Okay, so it definitely starts well:

"Killing him should be easy; he's only six."

And we're off with a bang, plunged into the world of Billi SanGreal, 15-year old girl and initiate to the ancient order of the Knights of Templar -- not that she wants to be. A lifetime of killing demons, devils, and assorted nasty spirits only sounds glamorous to the ignorant and the idiotic. Billi knows the truth: to be a Knight is to face death every day, to train until your body collapses, and most of all, to devote yourself utterly to the holy mission. Which means hardening your soul against everything else, including all ties of love and compassion.

Including your own family.

Her father certainly doesn't have any difficulty with that -- Arthur SanGreal is said to terrify the devil himself, and his ruthlessness is equally legendary. Billi would never believe the gossip about her father being responsible for her mother's death -- she knows that ghuls were the culprits -- but he reveals precious little affection for his own daughter. Sometimes Billi thinks he only values her as a potential Knight, another soldier for the cause. And it makes her furious. And lonely. It doesn't help that Kay, her only friend among the Knights, has been sent off to Jerusalem to train his psychic abilities -- and hasn't sent her a word since.

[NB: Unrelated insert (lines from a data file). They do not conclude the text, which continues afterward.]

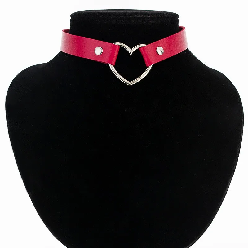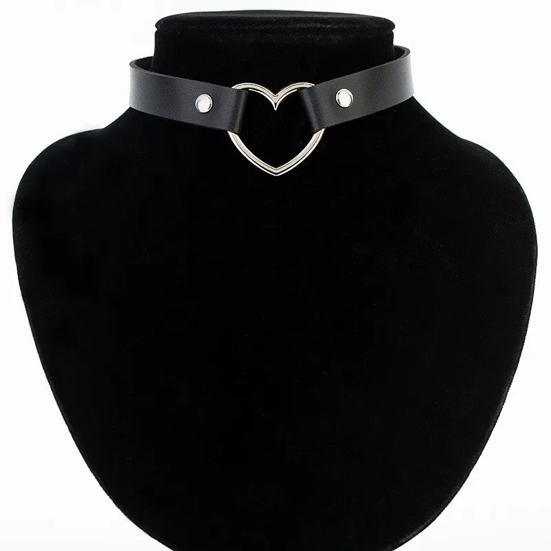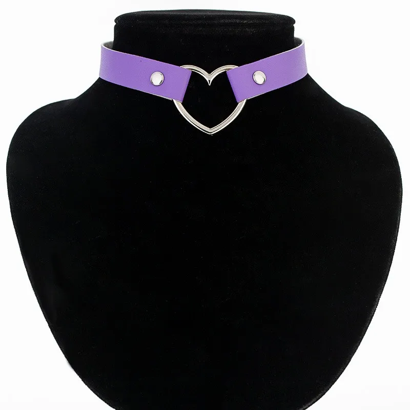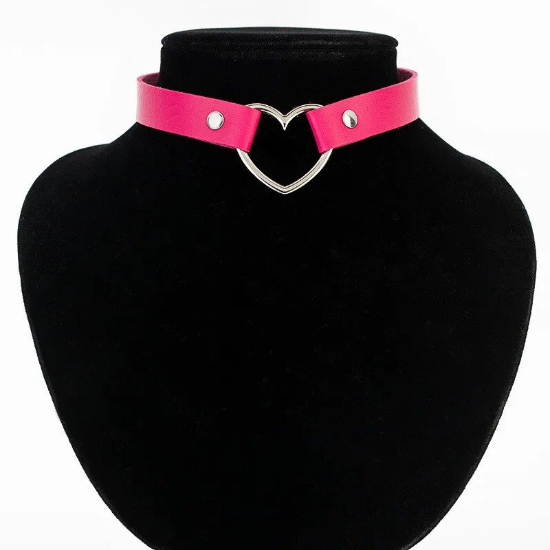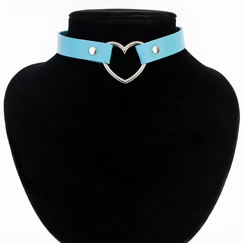 9Color Punk Leather Chokers Necklaces Women Party Heart Shape Pendant Necklace Female Collar Jewelry
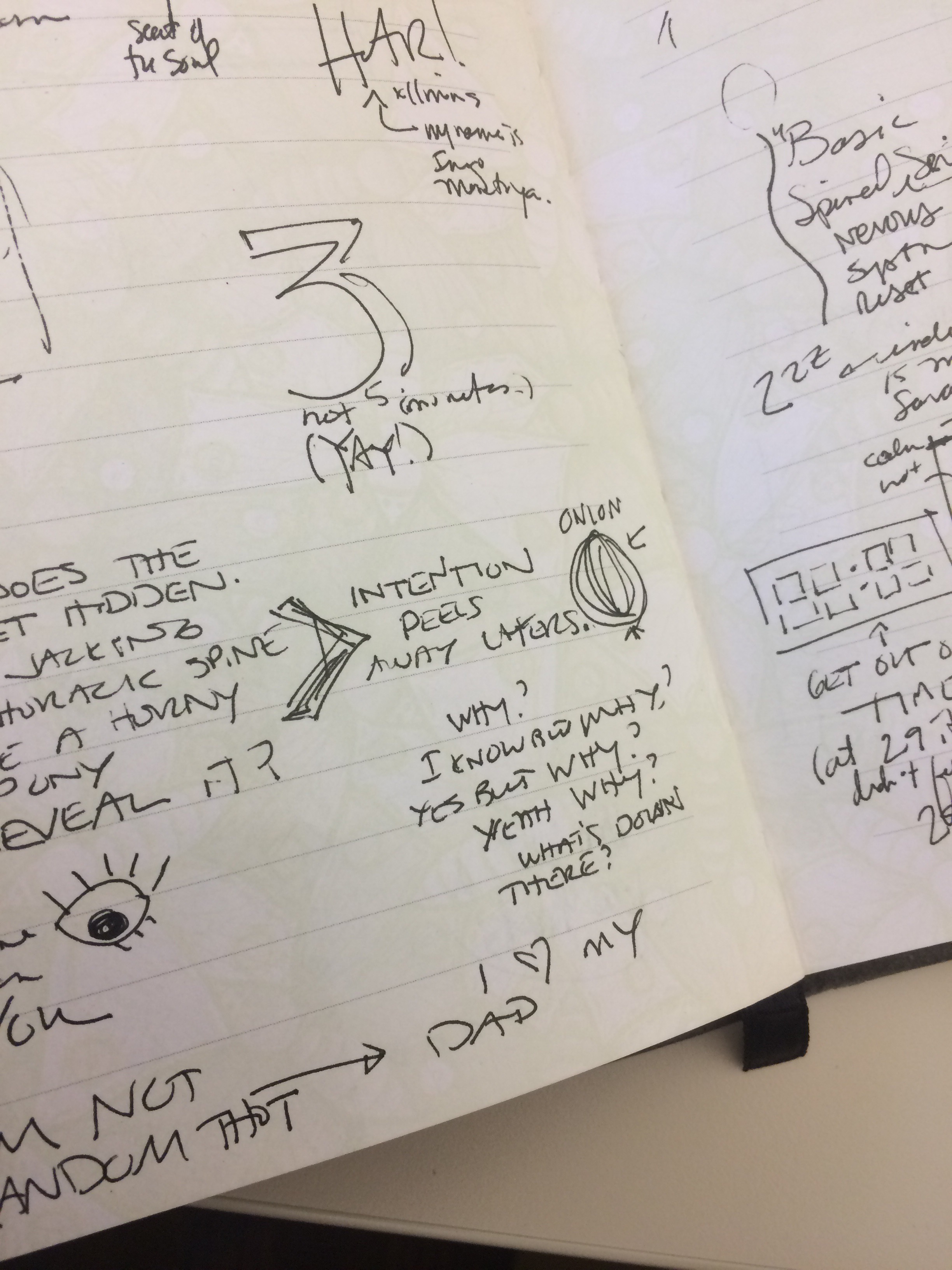 This technique is a great alternative to frantically transcribing every word a presenter utters! You wait for and identify the concepts in the presentation that are meaningful to you, and then you draw a picture. It’s ok if the picture is largely typographical (i.e. is words drawn fancily) but allowing your brain to put together images that bring life to the ideas is the most important aspect of this practice. In its mindfulness, it’s a very yogic way to experience a presentation. I did it for all of the longer workshops; pictured here is a partial page from a Kia Miller workshop. I got better at it by Sunday.
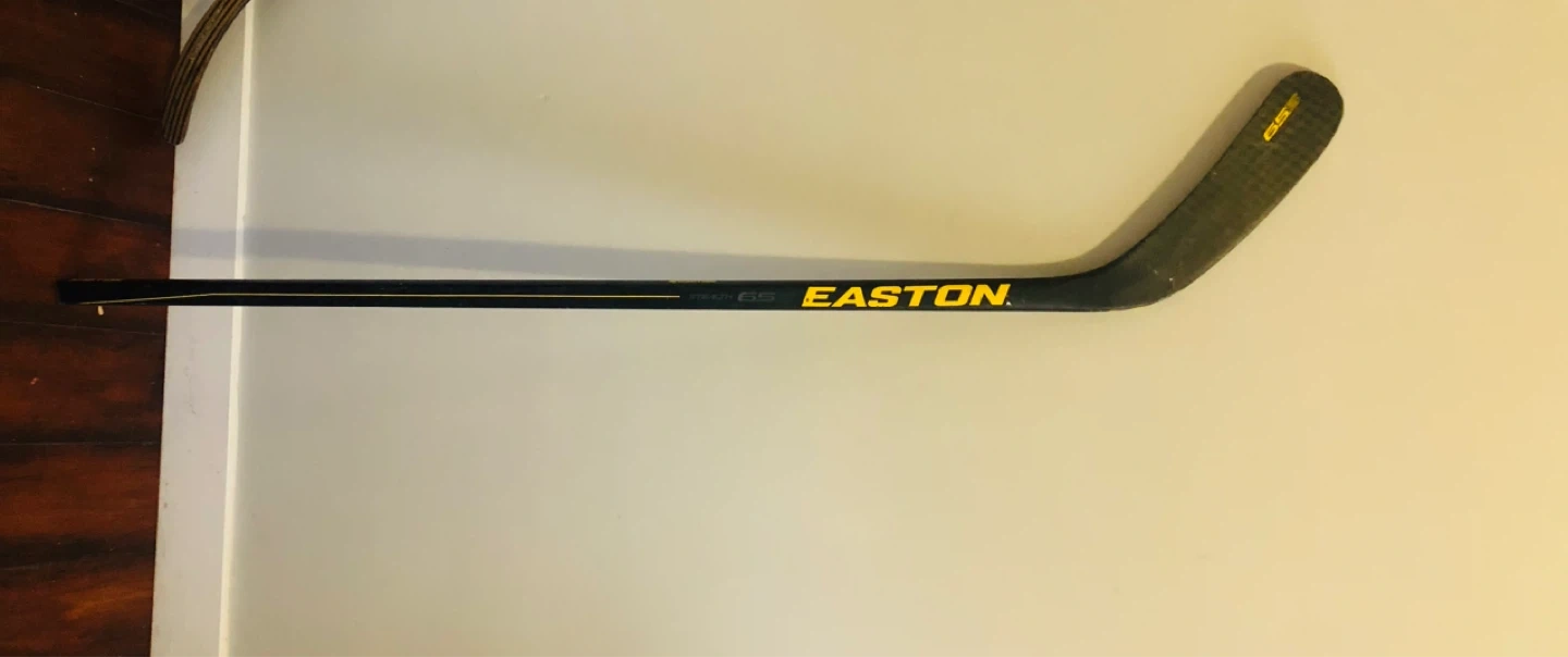 Easton 65s hockey stick. It's black with yellow Easton branding. Features a composite construction for lightweight play. Suitable for players looking for a reliable stick
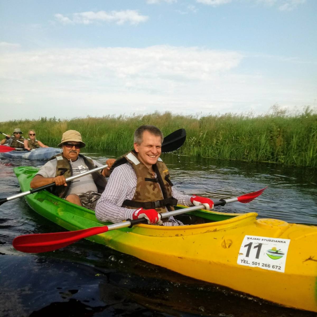 Warto pod-kreślić, że rzeka Zielawa. Rzeka zupełnie inaczej wygląda z ko-ryta. Dostrzega się bogatą roślinność i liczne mostki. Najbardziej malowniczy z nich wi-dać w Dubicy koło Wisznic, gdzie płynąc kajakiem można odnieść wrażenie, że jest się w obrazie Claude Moneta „Japoński mostek w Giverny”. W rzeczywistości jest trochę większy niż na płótnie fra-ncuskiego impresjonisty. Na trasie po Zielawie odnajdziemy ponad 40 mostów, kładek i mo-steczków. Na całej trasie spływu widać prace bobrów. Takie przeszkody dodają smaczku wyprawie. Następnie płyniemy w kierunku Rossosza mome-ntami ścinamy łąkami rzekę. Bardzo urokliwe miejsce przy moście w stronę Bordziłówki budzi zachwyt i podziw. W Sze-leście dopada nas burza, która udało się przewidzieć i dzięki te-mu znaleźliśmy schronienie pod mostem. Po przeczekaniu mo-cnego deszczu z gradem i pio-runami płyniemy dalej. Między miejscowościami Szelest a Ju-saki Zarzeka duża ilość za-krętów robi złudzenie, że płyniemy w kółko. Wody jest dużo więcej. Tutaj na moście zaplanowaliśmy kolejny postój. Płynąc dalej dostrzegamy z koryta rzeki wieżę kościoła neogoty-ckiego pw. Św. Piotra i Pawła w Łomazach z 1911 roku. W Ło-mazach mamy przepłynięte 42km czyli maraton. Kilka kilometrów i mamy Głuch pole, miejsce bitwy 15.09.1769 r. w której zginął płk Franciszek Ksawery Pułaski, brat Kazimierza: „Na tyłach, od strony Łomaz pojawili się karabinierzy rosyjscy pod wodzą Castellego. Ocalenia szukali Pułascy w bra-wurowym ataku. Franciszek do-padł samego Castellego, lecz ten zdążył śmiertelnie wypalić do niego z pistoletu. W 1931 lub 1932 r., niejaki Bojczewski ze Studzianki, odnalazł w tym mie-jscu szkielety ludzkie, szczątki trumien i zbroje. Około 1935 r. cmentarz zaorano. Według W. Osipiuka z Białej Podlaskiej jeszcze po II wojnie światowej w pobliżu rzeki Zielawy, istniało „stare cmentarzysko”, które we-dług podania miało być śladem jakiejś dawnej, wielkiej bitwy. Bitwa na Głuchu wymieniona zo-stała nawet w „Zemście” A. Fre-dry w akcie IV scenie 1. Cześnik Raprusiewicz dobywając szablę mówi: He, he, he! Pani barska! Pod Słonimiem, Podhajcami, Ber-dyczowem, Łomazami dobrze mi się wysłużyła. Z kajaka niestety nie widać tablicy opisującej to miejsce. Chwilę później zbliżamy się do Studzianki. Z koryta rzeki widać pola, domu i zainteresowanych nami mieszkańców. Na 48 kilometrze w Szenejkach, dawnym majątku rodu Szenejko, którzy od 1672 r. do 1939 r. byli właścicielami folwarku otrzymujemy od miejscowych gospodyń pyszna zupę. Warto dodać, że to w pobliżu mostu w czasie II wojny istniało mini getto, gdzie pracowali Żydzi. Dalsza trasa biegła przez Dokudów dawne miasteczko Lewkowo, Ortel Królewski gdzie z koryta rzeki widać zabytkowy drewniany kościołek z 1706 roku. Ostania część wyprawy to Perkowice i Kłoda. Po kilkunastu godzinach wpłynęliśmy do Krzny ujścia naszej Zielawy w miejscowości Woskrzenice.
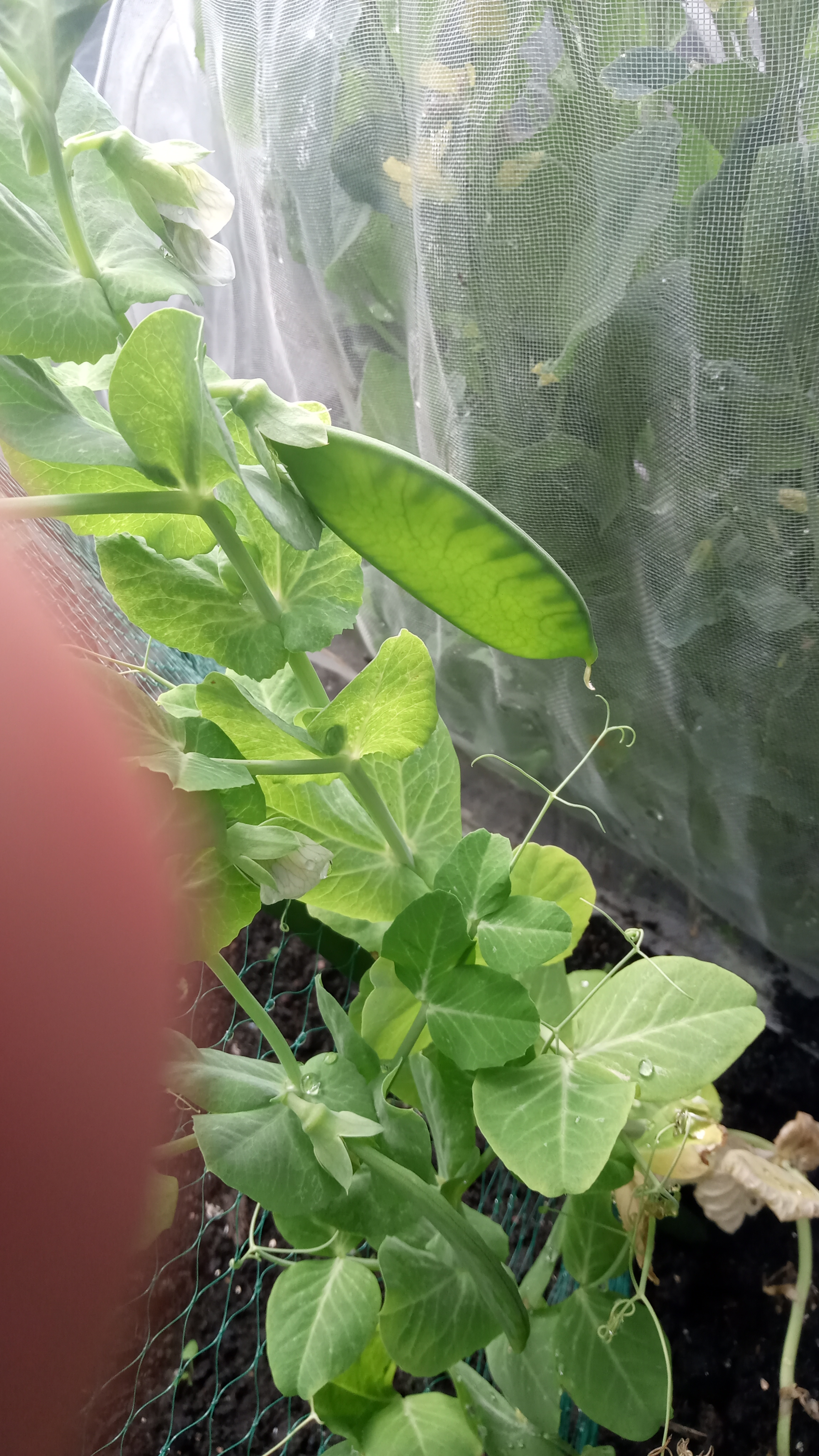 As are their neighbours the peas. Earlier in the season I found a small unlabelled bag of peas, I think from a variety pack of seeds, and threw them into some compost. Now they’re planted out, climbing healthily up some support netting and putting out their first pods. I can’t tell whether they’re meant to be mangetout, as they look at the moment, or are a true pea variety where the pods will fill out soon. I don’t mind to be honest – either is enjoyable.

So when Mike shows up, a charming, intriguing stranger who seems to understand about overbearing fathers, Billi is tempted to give up this life altogether. After all, who wants a life of constant fear and danger? Doesn't she have a right to choose her own path?

Billi is great, full of fury and angst and yet too responsible and aware of the stakes to slip into whiny bratdom. The action scenes are nicely paced, the mythology is well-executed, and there are some very atmospheric horror bits. The only problem? The bad guys. See, devils and demons, that's fine. But when your Big Bad includes the Angel of Death and Satan Himself, well -- I mean, how do you fight Death?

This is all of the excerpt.